Qui bénéficie de l'endariectomie carotidienne ?

L'endariectomie carotidienne (EC) est l'un des techniques chirurgicales les plus utilisées actuellement, tout au moins aux Etats-Unis. Elle réduit le risque d'accident vasculaire cérébral (AVC) ischémique chez les malades atteints d'une sténose carotidienne symptomatique, dès lors que celle-ci s'est manifestée peu avant l'intervention. Une méta-analyse récente visant à définir les meilleures indications de l'EC a conclu : 1) que la chirurgie était nuisible en cas de sténose < 30 % ; 2) qu'elle n'était d'aucune utilité dans les sténoses comprises entre 30 et 49 % ; 3) qu'elle pouvait être bénéfique entre 50 et 69 % ; 4) qu'elle était hautement bénéfique au-delà de 70 %, d'autant plus que l'on s'approche de l'occlusion sans toutefois l'atteindre. Cependant, outre la sévérité de la sténose carotidienne, d'autres facteurs retentissent sur le rapport bénéfice/risque de cette intervention, qu'il s'agisse notamment du délai entre l'installation du tableau clinique et la chirurgie, ou encore de certaines particularités tant cliniques qu'angiographiques.

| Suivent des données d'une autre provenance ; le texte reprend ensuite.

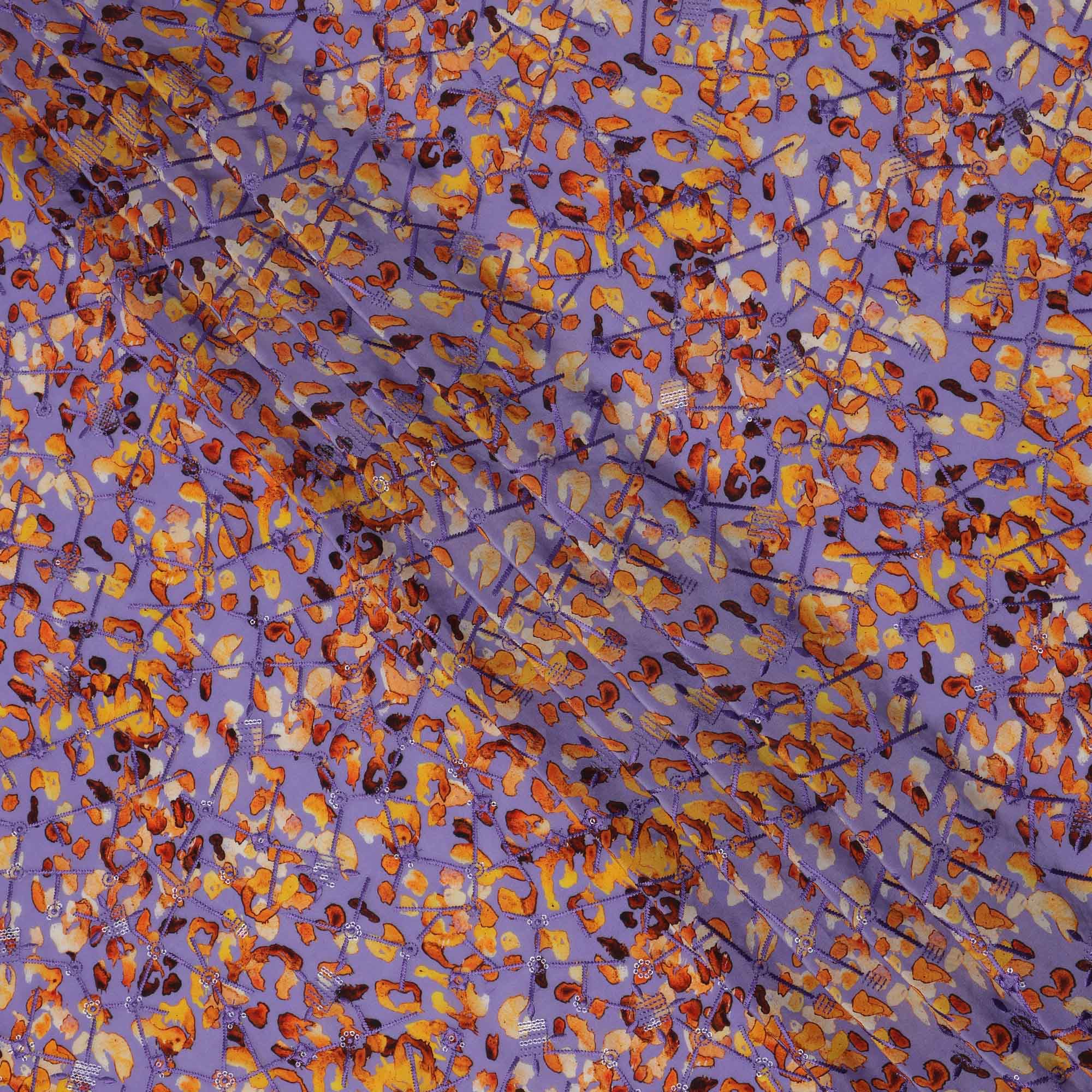 Infused with wild elegance, this purple viscose crepe fabric features a vibrant abstract animal print in dynamic hues of orange, mustard yellow, and crimson red, lending a bold character to any ensemble. Crafted with digital precision, the multitone motif captures spontaneous brush accents and scattered spots that offer a contemporary twist on classic leopard patterns. The soft viscose crepe base provides a fluid drape and airy comfort, making it ideal for fashion-forward silhouettes like kaftans, summer dresses, stoles, or Indo-western outfits. Measuring 110 cms in width, this breathable and lightweight fabric ensures both versatility and high wearability. Whether you're designing fusion pieces or standout casuals, this fabric will give your creations a statement-making flair. Shop online now and unleash your bold style with this eye-catching textile.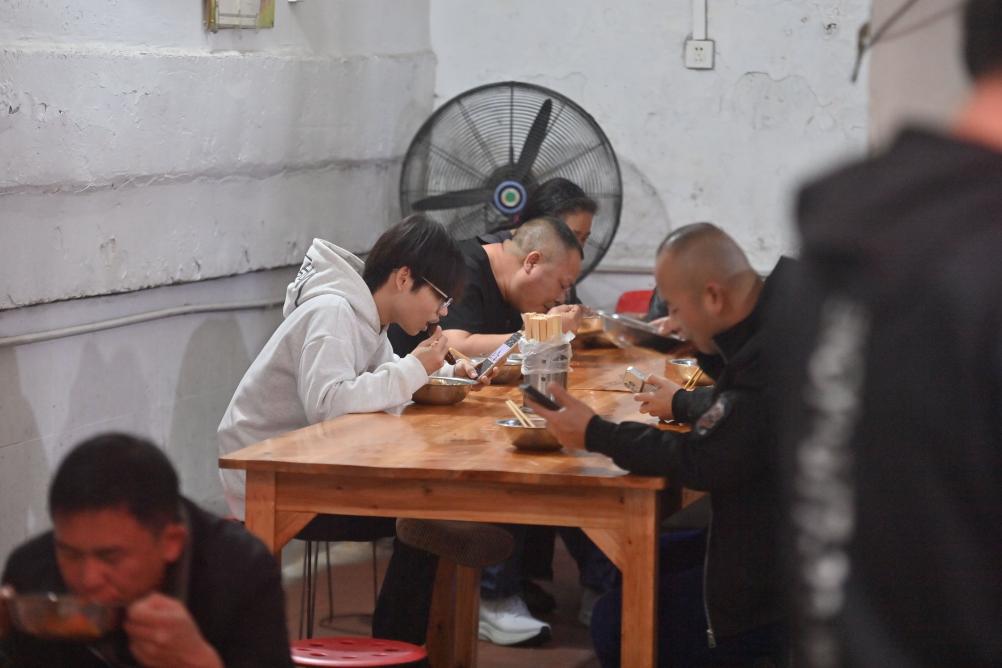 市民和游客在柳州市青云民生市场一家滤粉店吃滤粉(3月14日摄)。

Les résultats de deux grandes études contrôlées ont été regroupés afin de faire la part des choses. Il s'agit de l'European Carotid Surgery Trial et du North American Symptomatic Carotid Endarectomy Trial dans lesquels avaient été inclus 5 893 malades (soit en termes de suivi, 33000 patients-années) atteints d'une sténose carotidienne symptomatique traitée par endariectomie ou par traitement médical. L'analyse statistique a permis d'évaluer :1) le risque d'AVC ischémique homolatéral chez les malades traités médicalement ; 2) le risque péri-opératoire d'AVC et de décès chez les malades traités chirurgicalement ; 3) le bénéfice global de la chirurgie au sein de 7 groupes prédéfinis et de 7 sous-groupes définis post hoc.

L'efficacité de l'endariectomie s'est révélée tributaire du sexe (p=0,003), de l'âge (p=0,03) et du délai écoulé entre le moment du dernier événement ischémique et celui du tirage au sort (p=0,009). Le bénéfice de l'intervention a été maximal chez les sujets de sexe masculin, notamment ceux âgés de plus de 75 ans. Il en a été de même quand la randomisation est intervenue moins de deux semaines après l'accident ischémique le plus récent, le bénéfice diminuant rapidement avec l'allongement de ce délai.

En cas de sténose carotidienne > 50 % , le nombre de malades à traiter chirurgicalement pour éviter un AVC homolatéral en l'espace de 5 ans a été de : 1) 9 pour les hommes et de 36 pour les femmes ; 2) 5 pour les sujets âgés d'au moins 75 ans et de 18 pour ceux âgés de moins de 65 ans ; 2) de 5 en cas de tirage au sort effectué moins de 2 semaines avant le dernier événement ischémique (versus 125 quand le délai écoulé a été supérieur à 12 semaines).

Le bénéfice de l'endariectomie, face à une sténose carotidienne symptomatique, ne dépend pas seulement de la sévérité de celle-ci. Il est étroitement conditionné par d'autres facteurs, tels le délai écoulé avant la chirurgie, ou encore le sexe et l'âge. Dans les conditions idéales, la procédure devrait être réalisée moins de deux semaines après l'accident ischémique le plus récent, qu'il soit révélateur de la sténose ou non.